The return of Tildy and Carson also carried some history. A March 12, 2021 UConn Recreation doga event featuring the same pair filled registration in just 35 minutes after it went live, showing how quickly dog yoga can move from novelty to in-demand campus event. UConn Daily Digest later described a DOGA session for Employee Appreciation Week as a blend of relaxation and companionship designed for all skill levels, which helps explain why the format keeps coming back. The appeal is obvious: people who might hesitate to walk into a standard yoga class can usually say yes to a room full of dogs and a mat already waiting for them.

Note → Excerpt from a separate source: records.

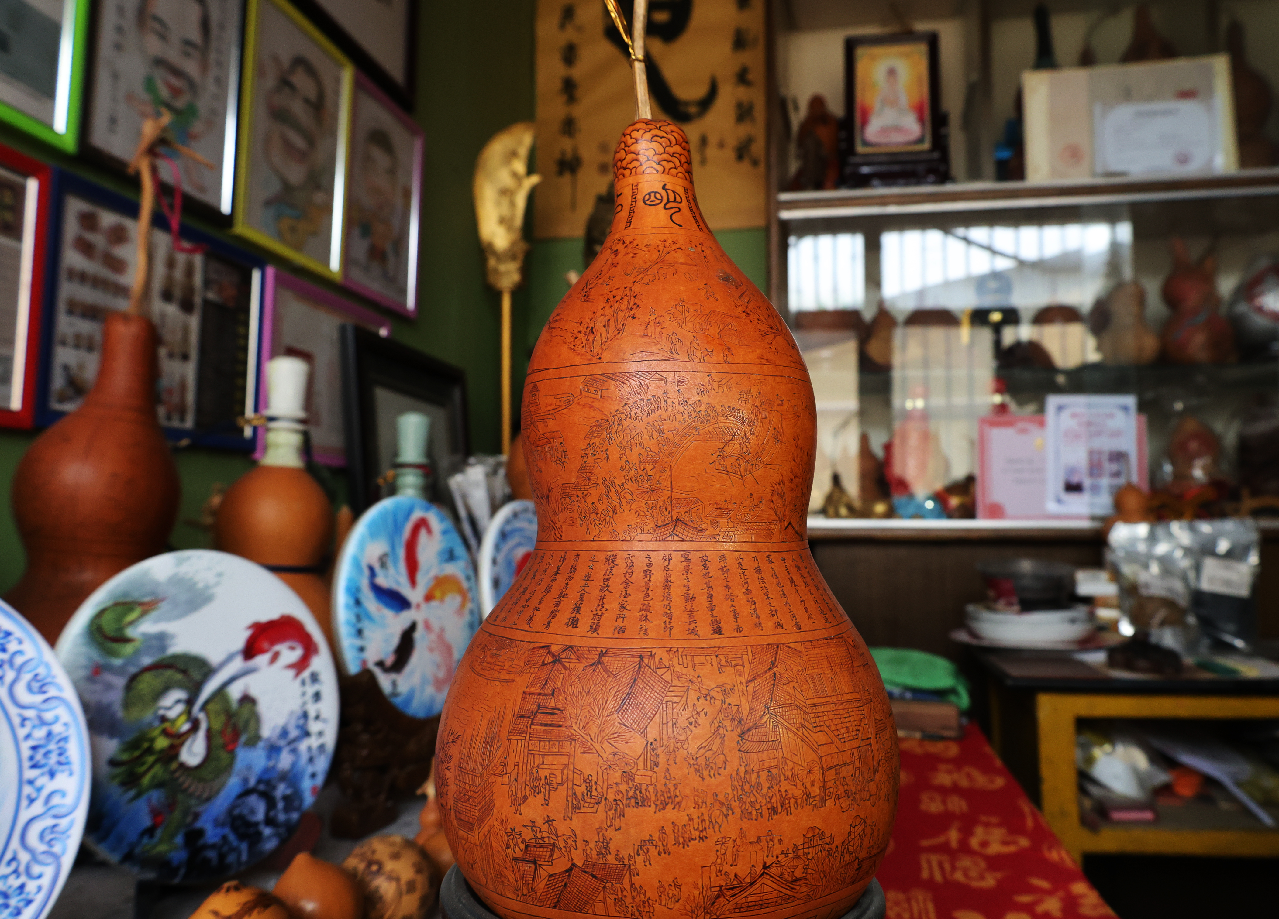 2002年,不甘于“小打小闹”的何胜旺做出了一个大胆决定——将《清明上河图》和《兰亭序》搬到葫芦上。这是一场与自己的较量,更是对传统技艺的致敬。在葫芦的曲面上还原这些鸿篇巨制,难度超乎想象。他反复研究比例、调整布局,尝试不同的烙画技法。三年时间,无数个日夜的打磨,当《清明上河图》葫芦烙画完成时,汴河两岸的市井繁华、虹桥上下的往来船只、酒肆茶坊的喧闹人群,都在方寸之间鲜活起来。2011年,何胜旺的《清明上河图》和《兰亭序》两件作品被收录进《冀州县志》,成为他艺术生涯的高光时刻。
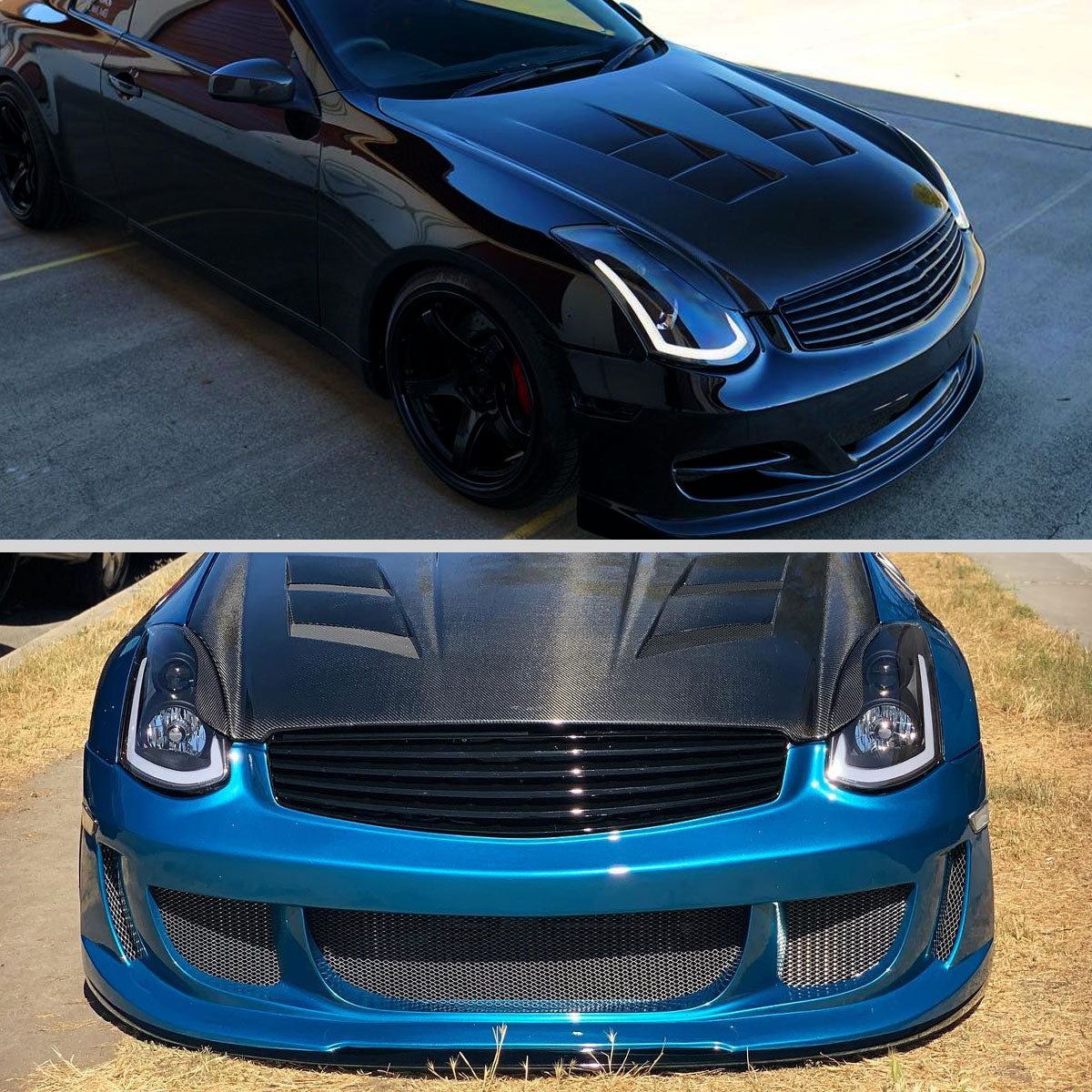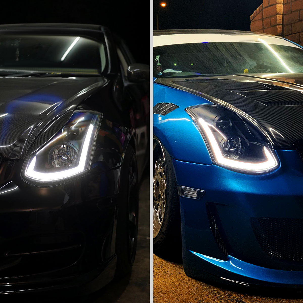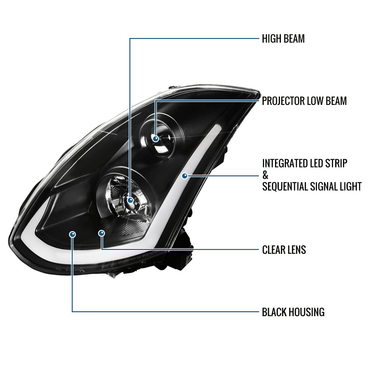 Ronnin - Fits 2003-2007 Infiniti G35 Coupe Upgraded Replacement LED Switchback Sequential Turn Signals Xenon HID Projector Headlights Assembly Pair | Black
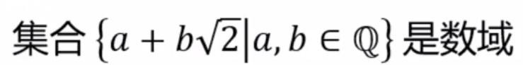 由以上定义看到,数域首先是一个集合,这个集合中的元素都是复数,每两个复数之间对于和差积商的运算都是封闭的。
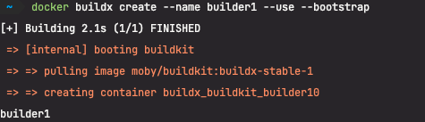 docker buildx create 로 빌더를 만든다. 기본적으로 --driver 옵션을 붙이지 않으면 docker-container 빌더가 자동 선택된다.
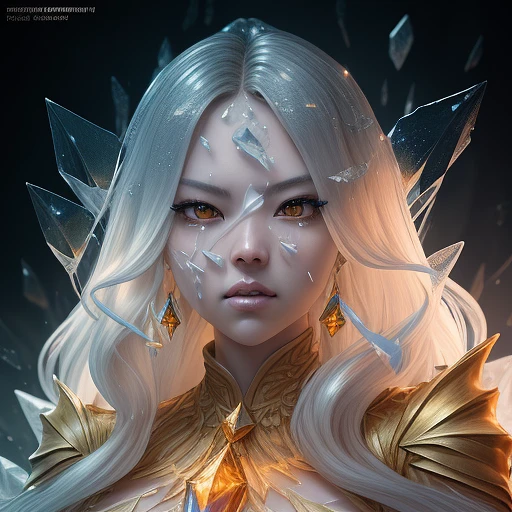impressive ominous fine golden lady shattered crystal shard glitch volumetric dynamic fluid simulation lighting impressive masterpiece hyper ultra detailed intricate sharp focus 8 k realistic illustration canon eos r 3 fujifilm x - t 3 0 sony alpha, by james gurney tooth wu artgerm colorful! ! ! , trending on artstation behance cgsociety --ar 3:2 --c 15 --s 5
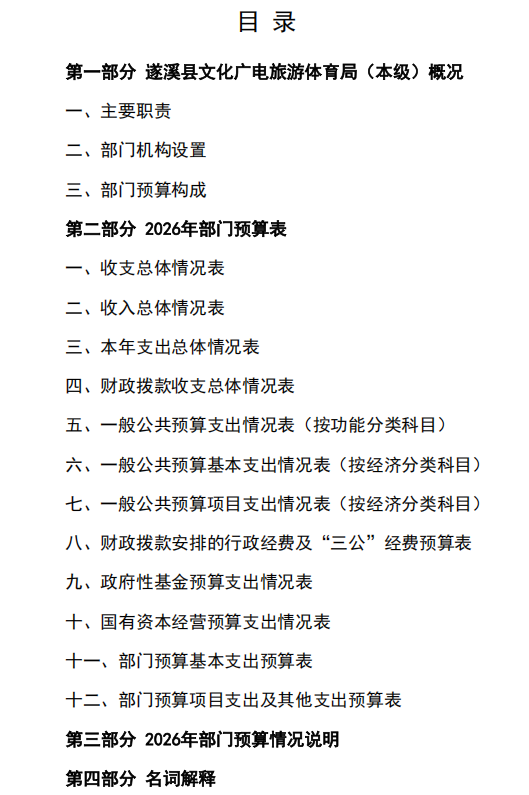 2026年遂溪县文化广电旅游体育局(本级)部门预算 | | 作者: | 来源:遂溪县文化广电旅游体育局 | 时间:2026-04-01 10:54:56 点击数:- 2026年遂溪县文化广电旅游体育局(本级)部门预算.pdf 【打印正文】

UConn has been building that same connection between animals and wellness for years. In 2020, Doggo Friday at the UConn Health Sciences Library had become a weekly event, with therapy dogs dropping in for an hour at a time. UConn also reported in 2010 that therapy dogs visited Homer Babbidge Library during exam week to help students cope with stress, giving the current doga push a long institutional runway instead of a one-off gimmick.

The broader campus culture makes the fit even clearer. Jonathan XV, introduced in 2023 as UConn’s 15th canine mascot, was reported in 2024 as ready to become the school’s top dog. Put alongside Tildy and Carson, that kind of canine presence shows why doga works at UConn: it lowers the stakes, gives people a reason to show up, and turns a yoga session into something social first and fitness second.